== DATA TO USE ==
§ §
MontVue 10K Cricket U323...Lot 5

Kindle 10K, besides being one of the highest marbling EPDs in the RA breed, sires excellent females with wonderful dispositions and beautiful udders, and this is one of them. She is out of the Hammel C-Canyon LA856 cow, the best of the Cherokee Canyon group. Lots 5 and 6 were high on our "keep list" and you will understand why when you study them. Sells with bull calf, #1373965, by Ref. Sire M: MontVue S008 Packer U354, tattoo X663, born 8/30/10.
§ §
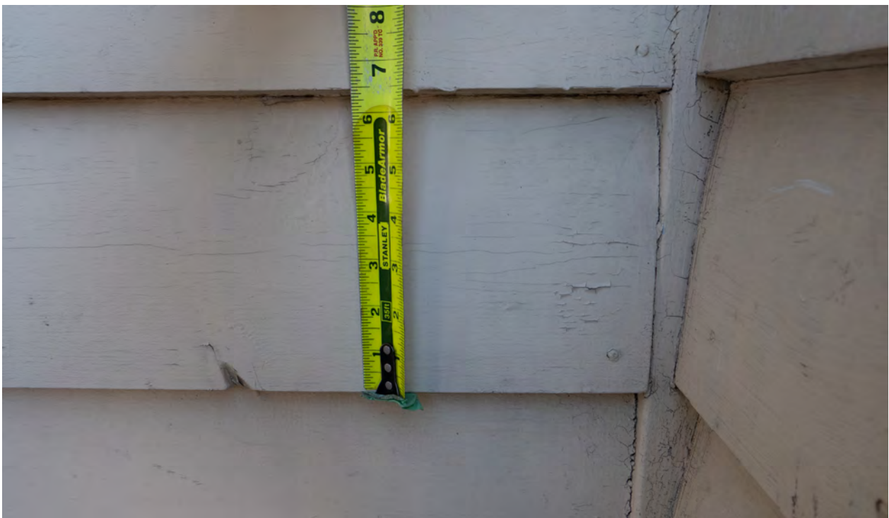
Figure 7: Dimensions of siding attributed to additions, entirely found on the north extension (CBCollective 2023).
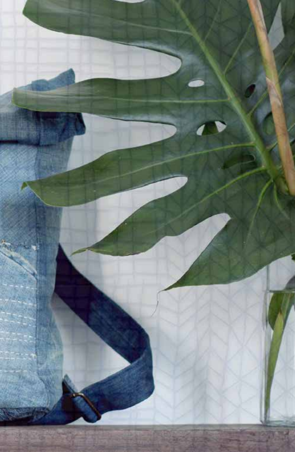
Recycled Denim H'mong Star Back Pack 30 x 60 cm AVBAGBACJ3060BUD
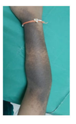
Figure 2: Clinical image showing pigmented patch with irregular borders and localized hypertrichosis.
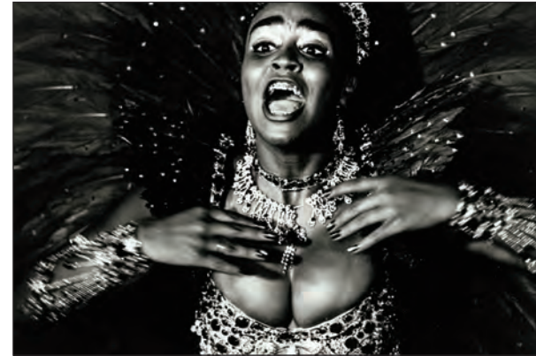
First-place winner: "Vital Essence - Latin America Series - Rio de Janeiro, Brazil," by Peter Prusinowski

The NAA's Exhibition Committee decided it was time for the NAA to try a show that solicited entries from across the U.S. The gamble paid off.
§ §
== TASK REQUIREMENTS ==
Would you retype the lines above from the one with "MontVue 10K Cricket U323...Lot 5" down to the one with "Kindle 10K, besides", word for word, both ends included and no other lines?

== RESPONSE TO THE TASK ==
MontVue 10K Cricket U323...Lot 5

Kindle 10K, besides being one of the highest marbling EPDs in the RA breed, sires excellent females with wonderful dispositions and beautiful udders, and this is one of them. She is out of the Hammel C-Canyon LA856 cow, the best of the Cherokee Canyon group. Lots 5 and 6 were high on our "keep list" and you will understand why when you study them. Sells with bull calf, #1373965, by Ref. Sire M: MontVue S008 Packer U354, tattoo X663, born 8/30/10.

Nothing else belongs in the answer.